Animal studies and analyses of human cells in the lab are also starting to expose why certain foods are associated with lower rates of disease. Researchers are isolating compounds like omega-3s found in fish and polyphenols in apples, for example, that can inhibit cancer tumors’ ability to grow new blood vessels. Nuts and seeds can protect parts of our chromosomes so they can repair damage they encounter more efficiently and help cells stay healthy longer.
If food is indeed medicine, then it’s time to treat it that way. In his upcoming book, Eat to Beat Disease, Dr. William Li, a blood vessel expert, pulled together years of accumulated data and proposes specific doses of foods that can treat diseases ranging from diabetes to breast cancer. Not all doctors agree that the science supports administering food like drugs, but he’s hoping the controversial idea will prompt more researchers to study food in ways as scientifically rigorous as possible and generate stronger data in coming years. “We are far away from prescribing diets categorically to fight disease,” he says. “And we may never get there. But we are looking to fill in the gaps that have long existed in this field with real science. This is the beginning of a better tomorrow.”
And talking about food in terms of doses might push more doctors to put down their prescription pads and start going over grocery lists with their patients instead. So far, the several hundred people like Shicowich who rely on the Fresh Food Farmacy have lowered their risk of serious diabetes complications by 40% and cut hospitalizations by 70% compared with other diabetic people in the area who don’t have access to the program. This year, on the basis of its success so far, the Fresh Food Farmacy is tripling the number of patients it supports.

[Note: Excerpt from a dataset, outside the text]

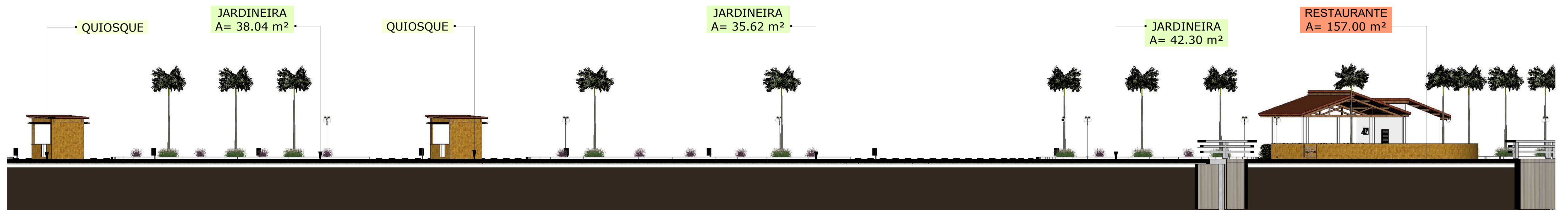
CORTE C-C ESC 1:150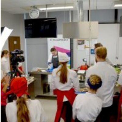
Pokazy gotowania i warsztaty kulinarne w Wielozawodowym Zespole Szkół w Zatorze

Shicowich knows firsthand how important that will be for people like him. When he was first diagnosed, he lost weight and controlled his blood sugar, but he found those changes hard to maintain and soon saw his weight balloon and his blood-sugar levels skyrocket. He’s become one of the program’s better-known success stories and now works part time in the produce section of a supermarket and cooks nearly all his meals. He’s expanding his cooking skills to include fish, which he had never tried preparing before. “I know what healthy food looks like, and I know what to do with it now,” he says. “Without this program, and without the support system, I’d probably still be sitting on the couch with a box of Oreos.”